─── THE DATA
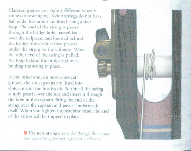 When re-stringing, only ever mess with one string at a time. Off comes the Bad String. On goes the Good String. The new Good string has to go around the post the same way the old string did (clockwise or counterclockwise). It only needs to make a couple turns around the post and through the hole -- trim off the excess string. Turn the tuning knob until the new Good string makes at least a dull twang. Tune the new Good string as below. Rinse and repeat with the other strings.
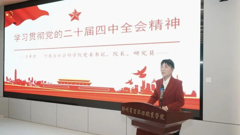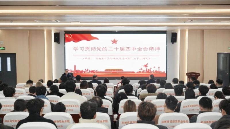 為深入學(xué)習(xí)貫徹黨的二十屆四中全會(huì)精神,切實(shí)把全校師生的思想和行動(dòng)統(tǒng)一到黨中央關(guān)于制定“十五五”規(guī)劃、推進(jìn)中國(guó)式現(xiàn)代化的決策部署上來,11月21日,鄭州商貿(mào)旅游職業(yè)學(xué)院精心組織召開黨委理論學(xué)習(xí)中心組(擴(kuò)大)學(xué)習(xí)會(huì)議暨學(xué)習(xí)貫徹黨的二十屆四中全會(huì)精神專題輔導(dǎo)報(bào)告會(huì)。會(huì)議特別邀請(qǐng)河南省社會(huì)科學(xué)院黨委書記、院長(zhǎng)王承哲研究員作輔導(dǎo)報(bào)告。學(xué)校黨政領(lǐng)導(dǎo)班子成員、兩委委員、各直屬黨組織書記、各部門及二級(jí)學(xué)院負(fù)責(zé)人、師生代表參加學(xué)習(xí)。本次會(huì)議由校黨委書記張睿主持。
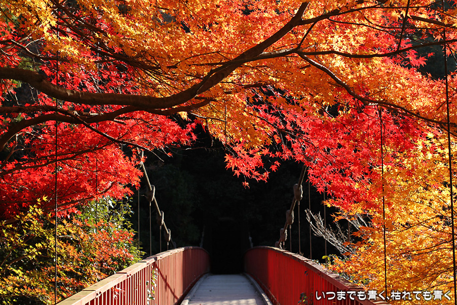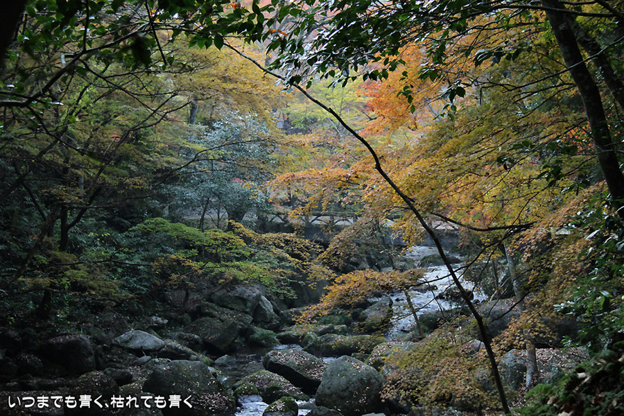 今年は京都の紅葉を楽しみに行けない悔しさを、近場の紅葉散策にぶつけています。昨日の香嵐渓に続き、今日は王滝渓谷を龍門橋から王滝湖かけ橋まで往復しました。今回は山道を長く歩くということで、家族は同行拒否だったのでひとりで散策でした。龍門橋、王滝湖かけ橋間を約3時間近くかけてのんびりと歩きましたが、不動山には登っていませんし、梟ヶ城址にも行っていませんし、宮川散策道も楽しめませんでした。もっと早く動き出さないとダメなくらいに広い場所です。カメラは、買ったばかりの「CANON EF40mm F2.8 STM」パンケーキレンズをEOS 7Dに装着して、王滝湖かけ橋までの往路(掲載写真の最初の15枚)をすべてこのレンズで撮影しました。単焦点レンズなので構図が難しいですが、体を動かして構図を決めて撮った写真はなかなかシャープで美しい絵です。2万円しない安価なレンズですが、使い勝手も絵もなかなか良くて楽しく使えそうです。
──────
Omit any images, then output the listing exactly.

__SOLUTION TO THIS EXERCISE__.
 When re-stringing, only ever mess with one string at a time. Off comes the Bad String. On goes the Good String. The new Good string has to go around the post the same way the old string did (clockwise or counterclockwise). It only needs to make a couple turns around the post and through the hole -- trim off the excess string. Turn the tuning knob until the new Good string makes at least a dull twang. Tune the new Good string as below. Rinse and repeat with the other strings.
 為深入學(xué)習(xí)貫徹黨的二十屆四中全會(huì)精神,切實(shí)把全校師生的思想和行動(dòng)統(tǒng)一到黨中央關(guān)于制定“十五五”規(guī)劃、推進(jìn)中國(guó)式現(xiàn)代化的決策部署上來,11月21日,鄭州商貿(mào)旅游職業(yè)學(xué)院精心組織召開黨委理論學(xué)習(xí)中心組(擴(kuò)大)學(xué)習(xí)會(huì)議暨學(xué)習(xí)貫徹黨的二十屆四中全會(huì)精神專題輔導(dǎo)報(bào)告會(huì)。會(huì)議特別邀請(qǐng)河南省社會(huì)科學(xué)院黨委書記、院長(zhǎng)王承哲研究員作輔導(dǎo)報(bào)告。學(xué)校黨政領(lǐng)導(dǎo)班子成員、兩委委員、各直屬黨組織書記、各部門及二級(jí)學(xué)院負(fù)責(zé)人、師生代表參加學(xué)習(xí)。本次會(huì)議由校黨委書記張睿主持。
 今年は京都の紅葉を楽しみに行けない悔しさを、近場の紅葉散策にぶつけています。昨日の香嵐渓に続き、今日は王滝渓谷を龍門橋から王滝湖かけ橋まで往復しました。今回は山道を長く歩くということで、家族は同行拒否だったのでひとりで散策でした。龍門橋、王滝湖かけ橋間を約3時間近くかけてのんびりと歩きましたが、不動山には登っていませんし、梟ヶ城址にも行っていませんし、宮川散策道も楽しめませんでした。もっと早く動き出さないとダメなくらいに広い場所です。カメラは、買ったばかりの「CANON EF40mm F2.8 STM」パンケーキレンズをEOS 7Dに装着して、王滝湖かけ橋までの往路(掲載写真の最初の15枚)をすべてこのレンズで撮影しました。単焦点レンズなので構図が難しいですが、体を動かして構図を決めて撮った写真はなかなかシャープで美しい絵です。2万円しない安価なレンズですが、使い勝手も絵もなかなか良くて楽しく使えそうです。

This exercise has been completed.